»Ein Dutzend anderer Zeugen, die anonym bleiben wollten, berichteten ebenfalls über professionell organisiertes Doping im Team zwischen 1996 bis 2012.«
- SpiegelOnline vom 19. Januar 2013
Das Adjektiv »professionell« ist positiv aufgeladen und leitet sich vom Nomen »Profi« ab. Als professionell bzw. Profi bezeichnet man »jemand, der im Gegensatz zum Amateur oder Dilettanten eine Tätigkeit beruflich oder zum Erwerb des eigenen Lebensunterhalts als Erwerbstätigkeit ausübt.« (wikipedia)
Ähnlich wie das Schlagwort »Experte« werden mit »Profi« Menschen gekürt, die vermeintlich herausragende Leistungen und/oder Qualitäten aufweisen. Während der Experte mit vermeintlichem Fachwissen glänzt, sei ein Profi jemand, der sein Handwerk verstehe — ein Fachmann, der anpacke, statt nur zu reden. Beide Begriffe haben eine Disziplinierungsfunktion. Sie inszenieren, konstruieren und stabilisieren real existierende soziale und berufliche Hierarchieverhältnisse.
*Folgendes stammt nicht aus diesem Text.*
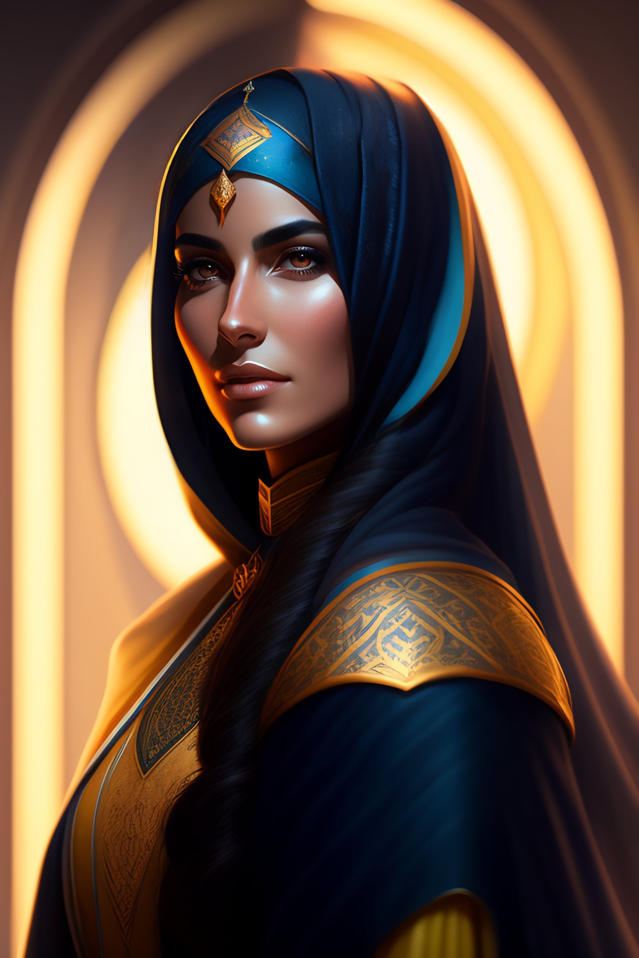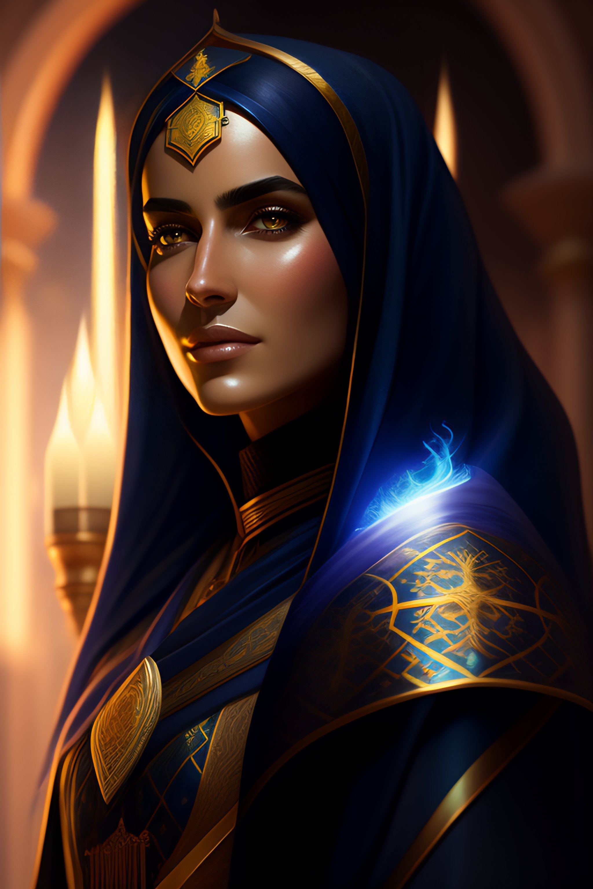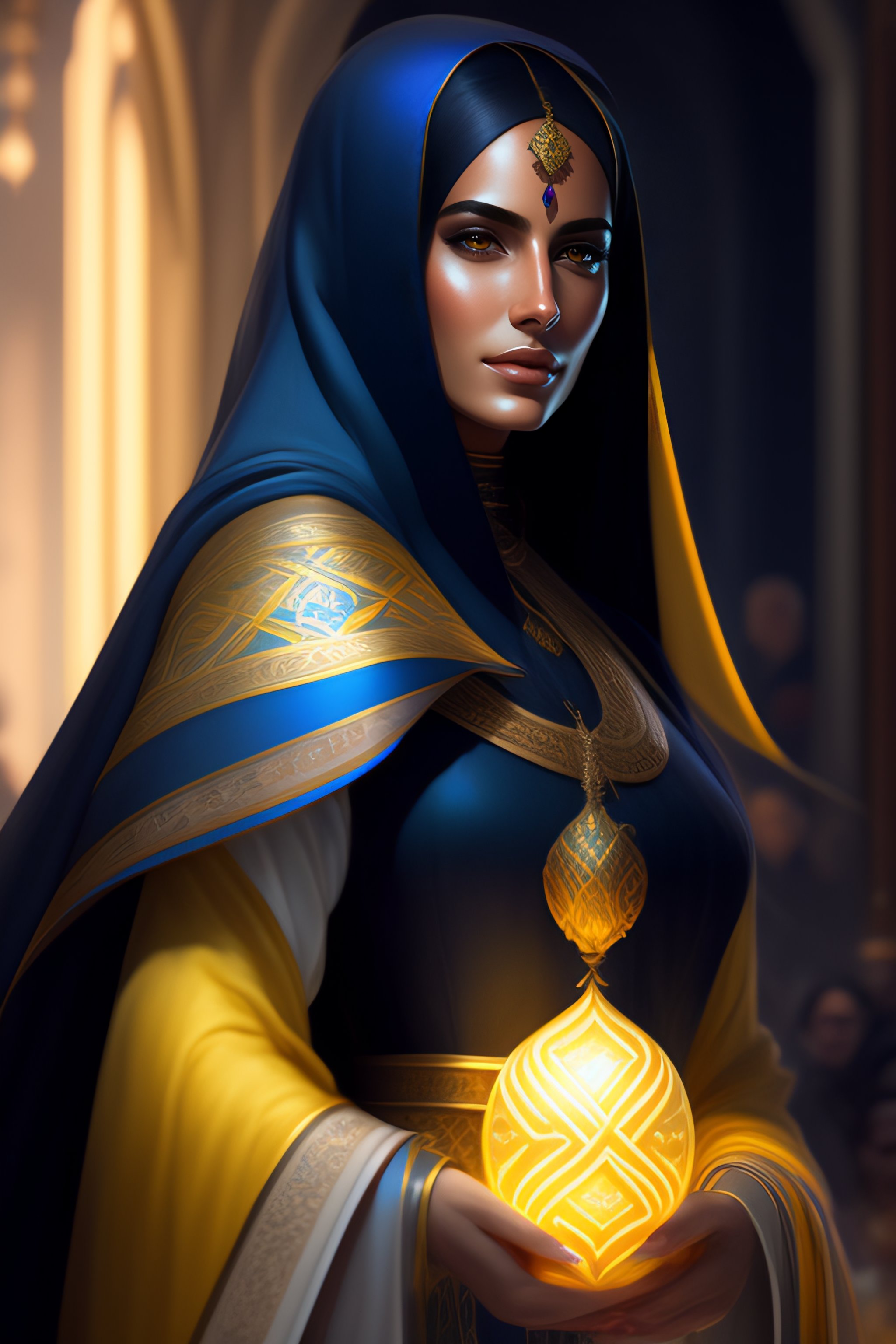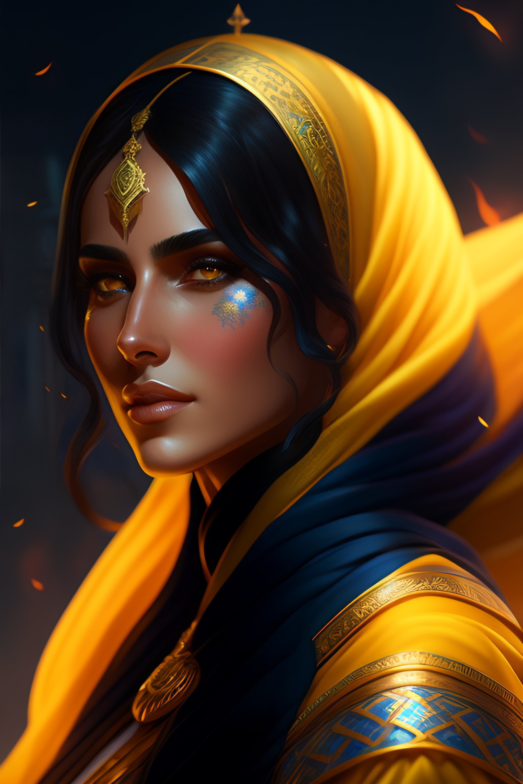 Portrait of a middle - eastern female cleric with straight black hair wearing blue and yellow vestments casting fireball, fantasy, highly detailed, digital painting, artstation, concept art, character art, art by greg rutkowski and tyler jacobson and alphonse mucha

Wer sich in seiner Freizeit viel mit Kunst, Sport, Musik oder Texte schreiben beschäftigt, bekommt schon mal zu hören, er möge doch seine Leidenschaft bzw. seine Begabung »professionell betreiben« oder »professionalisieren«. Gemeint ist in aller Regel seine Fähigkeiten und Talente finanziell zu verwerten, sie also in den wirtschaftlichen Verwertungsprozess ein zu speisen.
»Die Kanzlerin agiert wie eine sehr effektive Feuerwehr. Sie isoliert Brandherde schnell und professionell, damit der Rest nicht in Flammen aufgeht.«
- taz.de vom 11. Februar 2013
Gleichzeitig konstruiert das Adjektiv einen Bewertungsmaßstab für beispielsweise schöpferische Tätigkeiten. Demnach seien diese nur dann qualitativ hochwertig, wenn sie bezahlt werden. Denn nur dann werden diese ja »professionell betrieben«. Begriffe wie Freizeitkünstler oder Hobbyfotografen verdeutlichen das. Die finanzielle Verwertung eigener schöpferischer Tätigkeiten fungiert hierbei als Aufwertungsfunktion. Häufige Argumente sind dann die technischen Möglichkeiten, die langjährige Erfahrung sowie Titel oder Berufsabschlüsse von Unternehmen, die einem helfen würden, sein Können zu verbessern.
Die Selbstentfremdung in der Lohnarbeit, das Dogma der marktkonformen Kreativität sowie der Sachzwang Geld grenzen den eigenen, vermeintlich qualitativ hochwertigen (also »professionellen«) Gestaltungsspielraum jedoch radikal ein. Zudem gibt es keinen objektiven Kriterienkatalog, ab wann jemand als Experte oder Profi gilt. Politik, Wirtschaft und Medien vergeben diese »Titel« nach eigenen Gutdünken und verwenden das Plastikwort, um Sachverhalte und Persönlichkeiten aufzuwerten. Hinzu kommt, dass der Begriff im Marketing fast inflationär gebraucht wird, um Qualität und Fachwissen zu suggerieren.